_Your objective_
Every line containing "this" should be identified and copied from the data below.

_Records supplied_
%%
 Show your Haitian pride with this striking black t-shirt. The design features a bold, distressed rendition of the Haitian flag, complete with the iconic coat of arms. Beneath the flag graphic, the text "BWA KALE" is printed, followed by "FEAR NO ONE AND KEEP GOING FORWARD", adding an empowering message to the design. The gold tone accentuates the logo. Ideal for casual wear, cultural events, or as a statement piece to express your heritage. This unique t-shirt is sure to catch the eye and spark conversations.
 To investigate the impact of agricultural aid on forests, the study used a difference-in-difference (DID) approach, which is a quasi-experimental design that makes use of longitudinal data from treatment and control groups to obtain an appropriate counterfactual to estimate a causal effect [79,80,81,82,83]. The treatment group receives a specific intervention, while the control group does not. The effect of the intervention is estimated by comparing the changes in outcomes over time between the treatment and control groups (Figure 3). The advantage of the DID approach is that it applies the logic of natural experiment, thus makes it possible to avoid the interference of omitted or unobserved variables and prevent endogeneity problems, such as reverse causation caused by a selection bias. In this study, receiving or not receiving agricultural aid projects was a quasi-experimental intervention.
%%
%%
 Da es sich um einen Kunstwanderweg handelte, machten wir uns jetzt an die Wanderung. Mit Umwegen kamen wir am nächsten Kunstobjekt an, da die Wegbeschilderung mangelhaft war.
%%
%%
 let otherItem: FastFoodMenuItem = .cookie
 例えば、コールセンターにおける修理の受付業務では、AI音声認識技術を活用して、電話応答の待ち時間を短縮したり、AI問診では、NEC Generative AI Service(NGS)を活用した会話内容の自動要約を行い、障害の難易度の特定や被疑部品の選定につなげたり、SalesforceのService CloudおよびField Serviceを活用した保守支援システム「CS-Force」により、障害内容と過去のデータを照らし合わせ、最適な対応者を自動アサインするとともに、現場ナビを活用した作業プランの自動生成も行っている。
%%
_Task response_
 Show your Haitian pride with this striking black t-shirt. The design features a bold, distressed rendition of the Haitian flag, complete with the iconic coat of arms. Beneath the flag graphic, the text "BWA KALE" is printed, followed by "FEAR NO ONE AND KEEP GOING FORWARD", adding an empowering message to the design. The gold tone accentuates the logo. Ideal for casual wear, cultural events, or as a statement piece to express your heritage. This unique t-shirt is sure to catch the eye and spark conversations.
 To investigate the impact of agricultural aid on forests, the study used a difference-in-difference (DID) approach, which is a quasi-experimental design that makes use of longitudinal data from treatment and control groups to obtain an appropriate counterfactual to estimate a causal effect [79,80,81,82,83]. The treatment group receives a specific intervention, while the control group does not. The effect of the intervention is estimated by comparing the changes in outcomes over time between the treatment and control groups (Figure 3). The advantage of the DID approach is that it applies the logic of natural experiment, thus makes it possible to avoid the interference of omitted or unobserved variables and prevent endogeneity problems, such as reverse causation caused by a selection bias. In this study, receiving or not receiving agricultural aid projects was a quasi-experimental intervention.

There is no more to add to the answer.